O Fundo Brasil de Direitos Humanos defende que os recursos destinados ao enfrentamento da crise climática cheguem de forma mais efetiva aos povos e comunidades tradicionais. A avaliação é da diretora executiva Allyne Andrade, que assumiu o cargo em maio de 2026.

Advogada e doutora, Allyne é especialista em Teoria Crítica e construiu sua trajetória entre a atuação acadêmica, o ativismo no movimento social antirracista e o trabalho profissional. Ela ingressou no Fundo Brasil em 2020, como diretora executiva adjunta.

Em entrevista exclusiva à Agência Brasil, a diretora afirmou que a crise climática atinge de maneira desigual as populações mais pobres, especialmente moradores de periferias e comunidades tradicionais.

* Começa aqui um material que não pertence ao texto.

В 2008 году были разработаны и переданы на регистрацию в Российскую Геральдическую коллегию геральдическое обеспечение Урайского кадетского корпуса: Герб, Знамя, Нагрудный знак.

Segundo ela, embora existam negociações internacionais voltadas ao financiamento de ações climáticas e de adaptação, parte desses recursos não chega aos grupos que vivem diretamente nos territórios afetados.

Programa Raízes amplia apoio

O Fundo Brasil atua justamente nas lacunas de financiamento identificadas pelos movimentos sociais. Além de recursos financeiros, a fundação oferece apoio técnico e programático às organizações.

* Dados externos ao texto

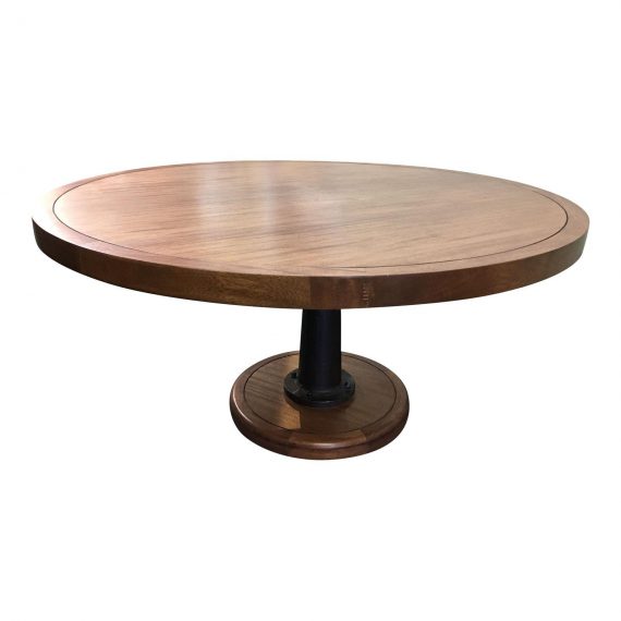 NEW Noir Yacht 60″ Round Walnut Dining Table With a Cast Iron Base. Original Price: $2,100.00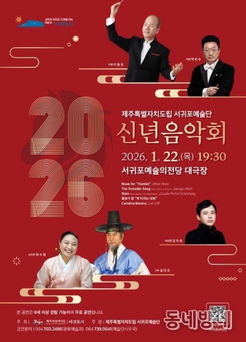 동네방네 김형규 기자 | 서귀포시는 1월 22일 19시 30분 서귀포예술의전당 대극장에서 ‘제주특별자치도립 서귀포예술단 2026 신년음악회’를 개최한다.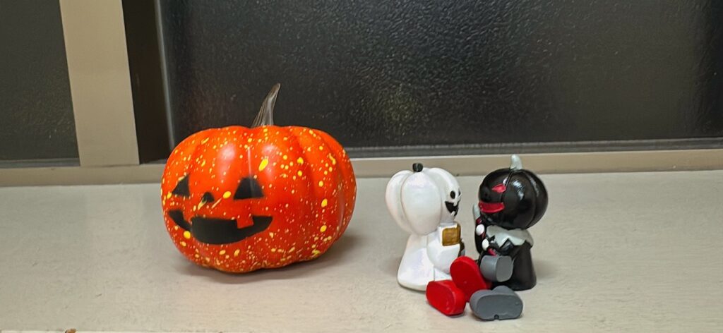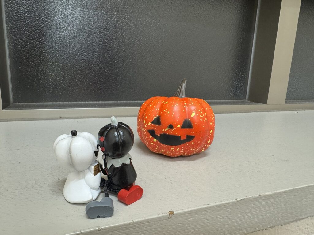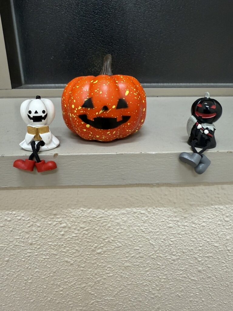 もうすぐハロウィン🎃 2025/10/23 ハロウィン, 学生, 行事, 🎃 もうすぐ ハロウィンですね🦇✨ 学校に飾られている この子たちは仲良くなったり❤ときには ケンカをしたり、毎日違う表情で楽しませてくれています。 明日はどうなっているかな… じつは、コレ、学生さんが毎日 動かしています ( *´艸`) カワイイ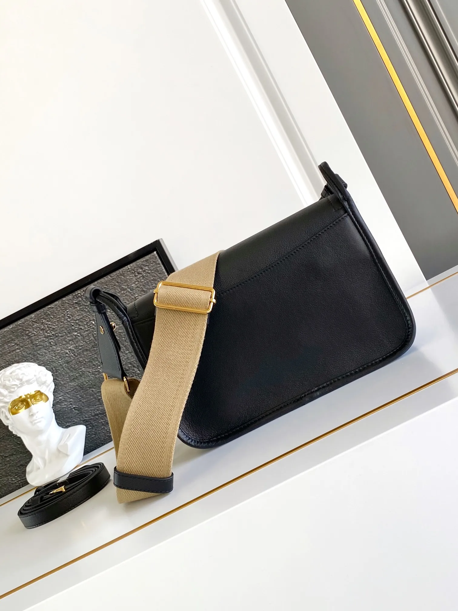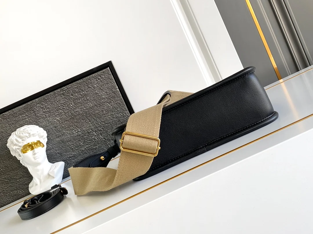 The new crossbody bag (double shoulder straps) features the Lindy woven leather shoulder strap, made from imported Italian Soft Grain calfskin, with top-quality hardware. Its modern design showcases a casual attitude, and the exquisite details paired with metal hardware accessories add a dynamic touch. The style is compact and versatile, with the soft-grained leather highlighting smooth, minimalist lines. This accessory demonstrates extraordinary craftsmanship, with a flap adorned with an enamel-coated triangular metal logo. It can be worn on the shoulder or crossbody, offering ample storage space while being both simple and practical, featuring an interior zipper with lining and slip pockets.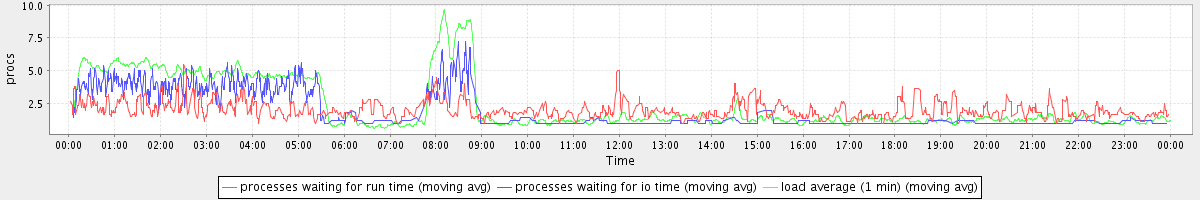 avg(processes waiting for run time) = 0.96 avg(processes waiting for io time) = 1.09 avg(load average (1 min)) = 2.35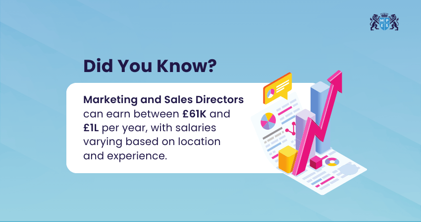 According to Glassdoor, the Marketing and Sales Director can earn an average annual salary from £61K to £1L.

Em 2023, a instituição criou o Raízes, linha de atuação voltada à justiça climática e ao apoio de povos indígenas, quilombolas e outras comunidades tradicionais. Desde então, o programa já destinou mais de R$ 6 milhões em doações diretas para projetos e respostas emergenciais.

Os recursos são distribuídos por meio de editais públicos. Organizações que trabalham nos territórios podem apresentar projetos, que são avaliados por comitês externos formados por especialistas e responsáveis por definir as iniciativas prioritárias.

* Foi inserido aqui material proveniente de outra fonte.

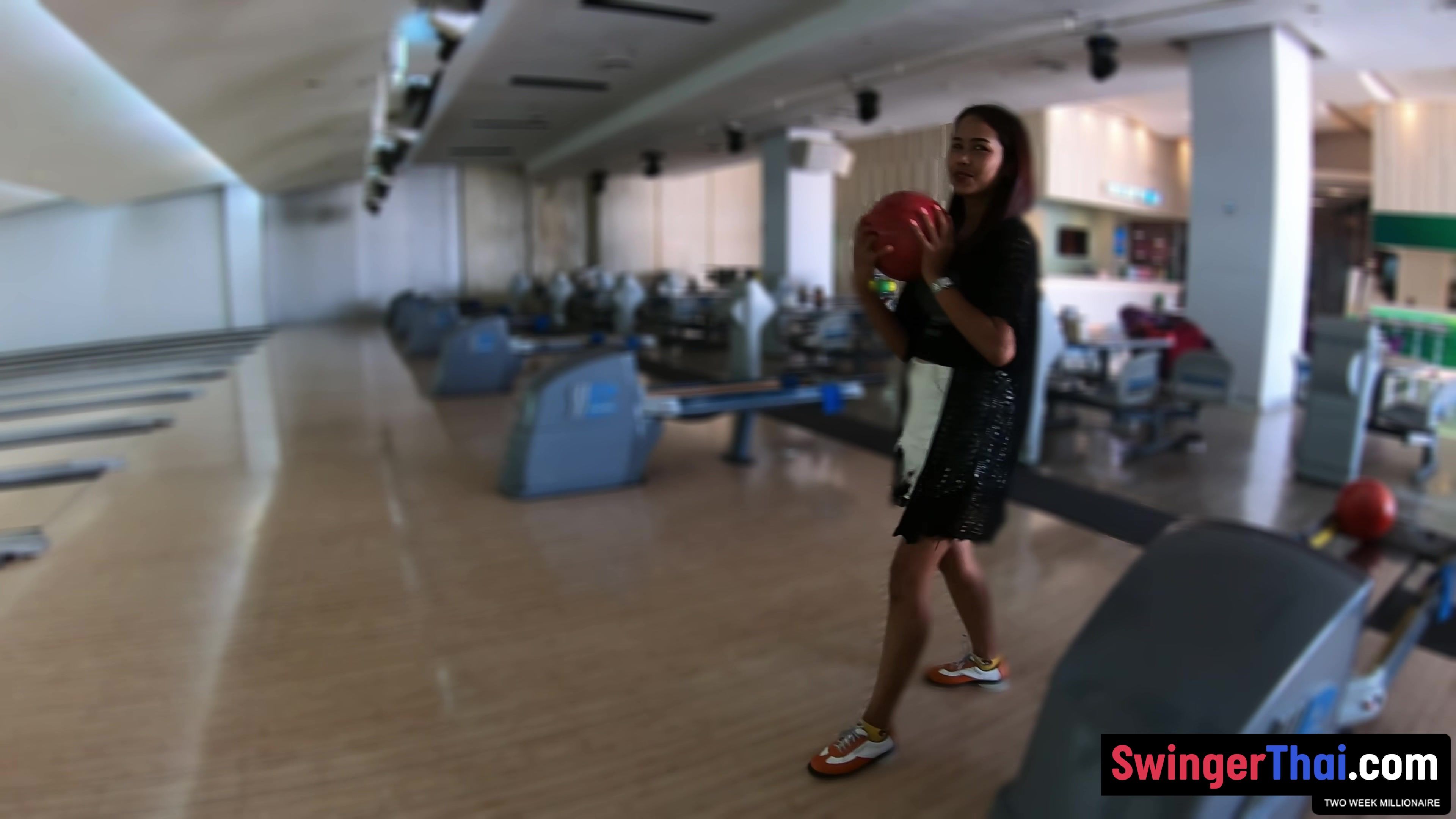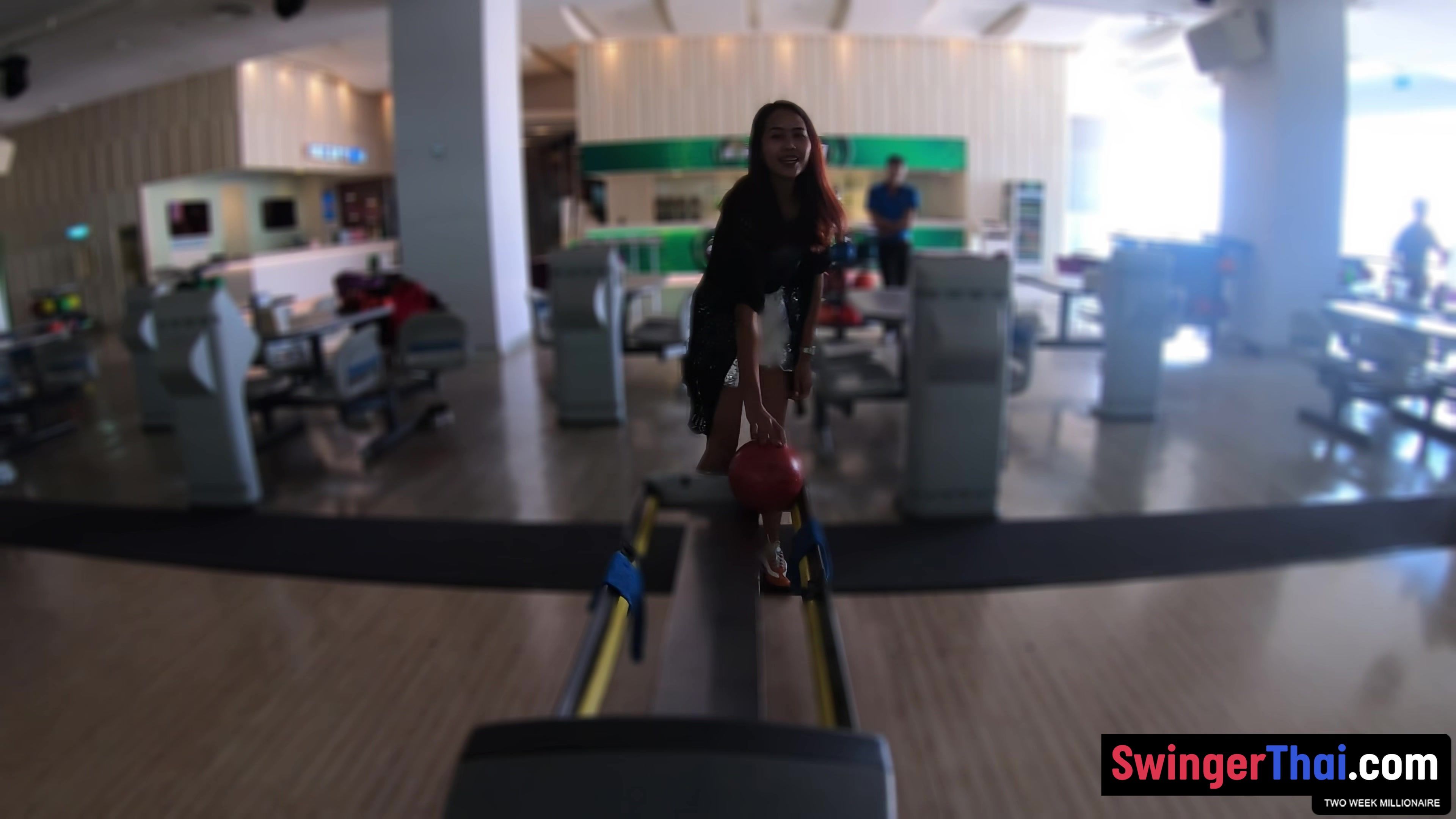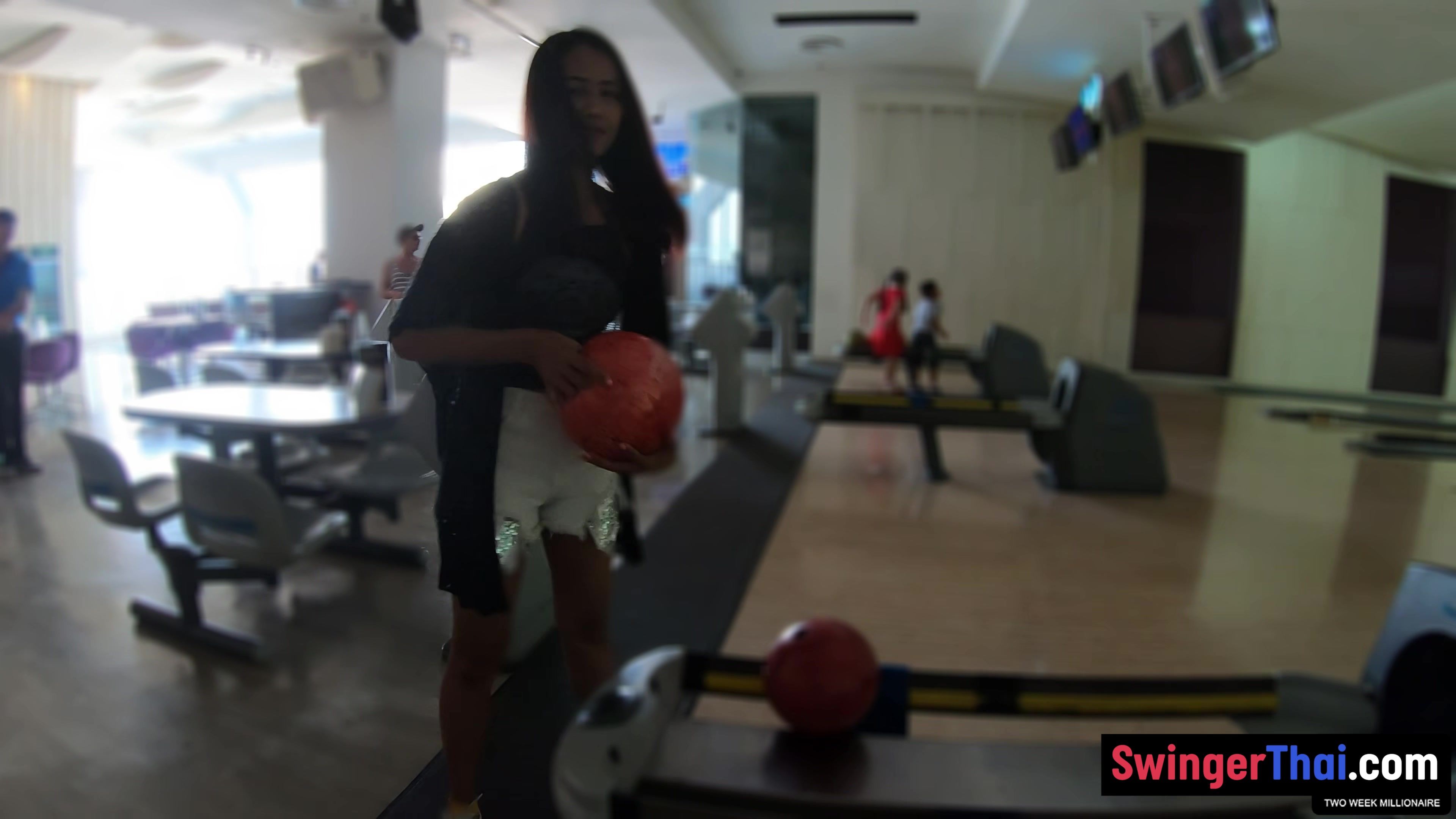 Thai MILF girlfriend on a bowling date and sucking cock after

O programa também prevê recursos emergenciais para situações que envolvam ameaças a lideranças e comunidades. A medida considera conflitos relacionados à grilagem, ao avanço ilegal da fronteira agrícola, ao desmatamento provocado por atividades de mineração e à exploração madeireira.

Em casos de eventos climáticos extremos, como as enchentes registradas no Rio Grande do Sul, existe ainda uma linha de resposta rápida para auxiliar comunidades afetadas.

Fundo Brasil completa 20 anos

Criado por ativistas sociais como Abdias do Nascimento, Margarida Genevois, Rose Muraro e Dom Pedro Casaldáliga, o Fundo Brasil é uma fundação independente voltada ao financiamento de organizações da sociedade civil protagonizadas por pessoas e comunidades afetadas por violações de direitos.

Ao longo de duas décadas, a instituição destinou R$ 141 milhões a 2,5 mil iniciativas. Em 2025, foram R$ 32 milhões doados à sociedade civil organizada, volume quase 20% superior ao registrado em 2024.

Além da justiça climática, a fundação mantém iniciativas relacionadas ao trabalho digno, ao combate ao trabalho análogo à escravidão, aos direitos de trabalhadores de aplicativos e do cuidado e à proteção de empregados domésticos.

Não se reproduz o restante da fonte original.